Given the tool has 32 parameters and no output schema, the description covers the essential usage pattern (partial update) and provides a critical parameter mapping. However, it could mention the return value or any constraints, but the completeness is adequate for an update operation.

Complex tools with many parameters or behaviors need more documentation. Simple tools need less. This dimension scales expectations accordingly.

Parameters4/5

Does the description clarify parameter syntax, constraints, interactions, or defaults beyond what the schema provides?

Schema coverage is 100%, so baseline is 3. The description adds value by explaining that all fields except id are optional and by decoding the status field (1=In Effect, 0=Inactive).
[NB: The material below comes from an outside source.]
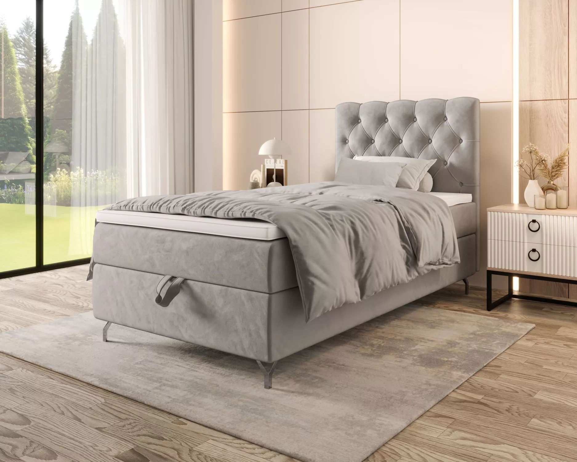 Čalouněná boxspringová postel 90x200 ADRIA 2 - světle šedá

This goes beyond the schema descriptions and enhances the agent's understanding.

Input schemas describe structure but not intent. Descriptions should explain non-obvious parameter relationships and valid value ranges.

Purpose5/5

Does the description clearly state what the tool does and how it differs from similar tools?

The description clearly states the action ('Update'), the resource ('Contract'), and the HTTP method ('PATCH'). It explicitly mentions that only fields to change need to be passed, differentiating from create operations and establishing the tool's specific use case.

Agents choose between tools based on descriptions. A clear purpose with a specific verb and resource helps agents select the right tool.

Usage Guidelines3/5

Does the description explain when to use this tool, when not to, or what alternatives exist?

The description provides a usage tip ('Pass only fields you want to change') and a key rule ('everything except id is optional'), but it does not compare this tool to sibling tools like autotask_create_contract or autotask_search_contracts. There is no explicit guidance on when not to use it or when to prefer alternatives.

Agents often have multiple tools that could apply. Explicit usage guidance like "use X instead of Y when Z" prevents misuse.